*** Extracted information Section Begins ***
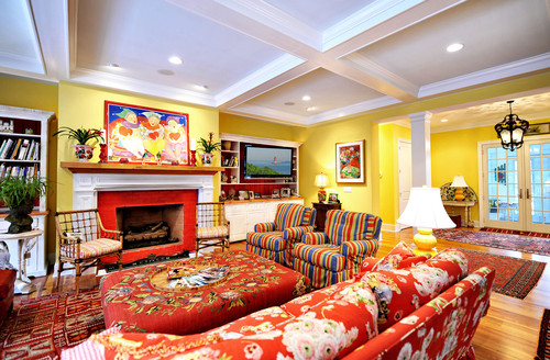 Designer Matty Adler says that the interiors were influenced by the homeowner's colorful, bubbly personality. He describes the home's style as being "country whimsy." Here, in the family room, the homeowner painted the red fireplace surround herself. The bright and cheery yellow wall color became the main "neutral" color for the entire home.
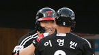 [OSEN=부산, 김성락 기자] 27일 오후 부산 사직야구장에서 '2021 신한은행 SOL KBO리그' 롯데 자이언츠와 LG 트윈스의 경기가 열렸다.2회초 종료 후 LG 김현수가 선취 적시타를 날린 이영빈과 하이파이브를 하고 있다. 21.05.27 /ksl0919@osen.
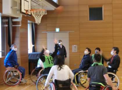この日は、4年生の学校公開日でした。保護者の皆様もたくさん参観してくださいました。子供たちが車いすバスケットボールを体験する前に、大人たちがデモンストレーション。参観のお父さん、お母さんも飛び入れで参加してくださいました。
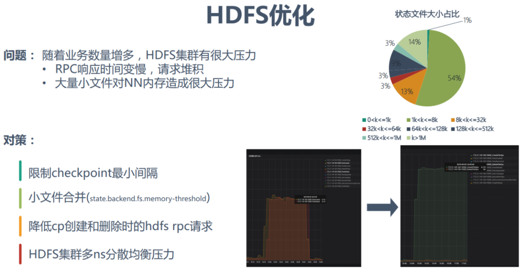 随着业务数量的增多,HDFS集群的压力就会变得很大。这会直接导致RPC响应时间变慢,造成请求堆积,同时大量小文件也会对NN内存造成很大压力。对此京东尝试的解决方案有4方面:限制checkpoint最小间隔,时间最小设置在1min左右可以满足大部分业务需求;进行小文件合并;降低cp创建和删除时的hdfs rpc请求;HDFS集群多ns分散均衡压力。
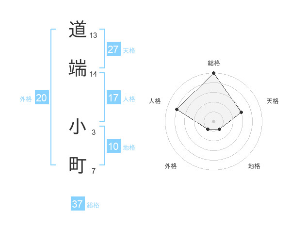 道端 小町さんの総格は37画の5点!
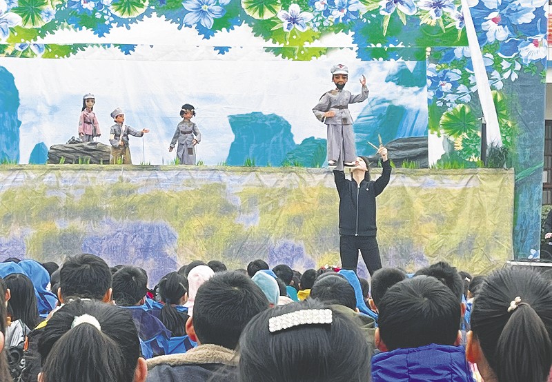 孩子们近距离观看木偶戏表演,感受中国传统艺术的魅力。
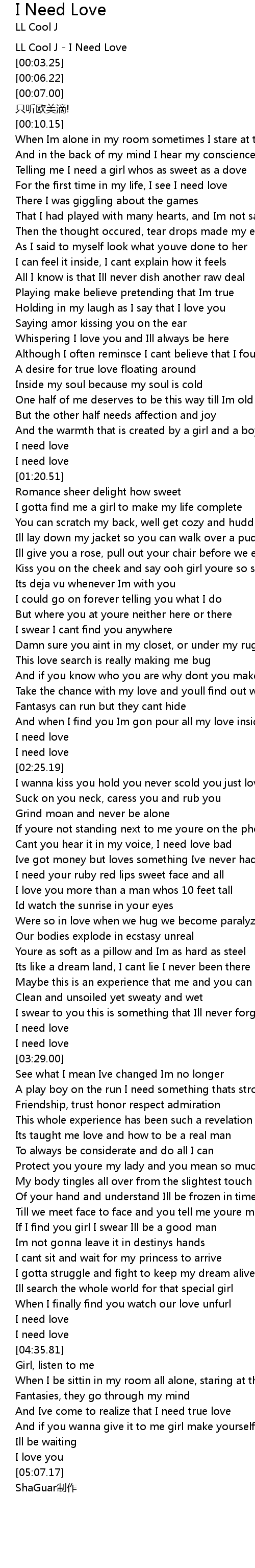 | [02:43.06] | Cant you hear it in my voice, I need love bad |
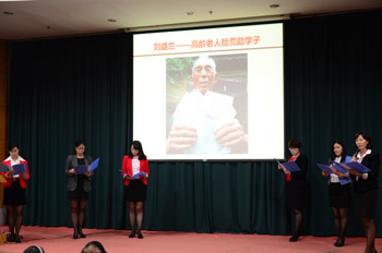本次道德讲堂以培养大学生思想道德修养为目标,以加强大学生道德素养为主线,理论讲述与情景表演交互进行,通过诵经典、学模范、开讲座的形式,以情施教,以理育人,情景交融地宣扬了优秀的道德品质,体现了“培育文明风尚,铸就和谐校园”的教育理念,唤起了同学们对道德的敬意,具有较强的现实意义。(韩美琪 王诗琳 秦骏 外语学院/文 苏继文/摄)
*** Extracted information Section Ends ***
About this exercise: Copy the material above exactly and drop the pictures.

Response box:
 Designer Matty Adler says that the interiors were influenced by the homeowner's colorful, bubbly personality. He describes the home's style as being "country whimsy." Here, in the family room, the homeowner painted the red fireplace surround herself. The bright and cheery yellow wall color became the main "neutral" color for the entire home.
 [OSEN=부산, 김성락 기자] 27일 오후 부산 사직야구장에서 '2021 신한은행 SOL KBO리그' 롯데 자이언츠와 LG 트윈스의 경기가 열렸다.2회초 종료 후 LG 김현수가 선취 적시타를 날린 이영빈과 하이파이브를 하고 있다. 21.05.27 /ksl0919@osen.
この日は、4年生の学校公開日でした。保護者の皆様もたくさん参観してくださいました。子供たちが車いすバスケットボールを体験する前に、大人たちがデモンストレーション。参観のお父さん、お母さんも飛び入れで参加してくださいました。
 随着业务数量的增多,HDFS集群的压力就会变得很大。这会直接导致RPC响应时间变慢,造成请求堆积,同时大量小文件也会对NN内存造成很大压力。对此京东尝试的解决方案有4方面:限制checkpoint最小间隔,时间最小设置在1min左右可以满足大部分业务需求;进行小文件合并;降低cp创建和删除时的hdfs rpc请求;HDFS集群多ns分散均衡压力。
 道端 小町さんの総格は37画の5点!
 孩子们近距离观看木偶戏表演,感受中国传统艺术的魅力。
 | [02:43.06] | Cant you hear it in my voice, I need love bad |
本次道德讲堂以培养大学生思想道德修养为目标,以加强大学生道德素养为主线,理论讲述与情景表演交互进行,通过诵经典、学模范、开讲座的形式,以情施教,以理育人,情景交融地宣扬了优秀的道德品质,体现了“培育文明风尚,铸就和谐校园”的教育理念,唤起了同学们对道德的敬意,具有较强的现实意义。(韩美琪 王诗琳 秦骏 外语学院/文 苏继文/摄)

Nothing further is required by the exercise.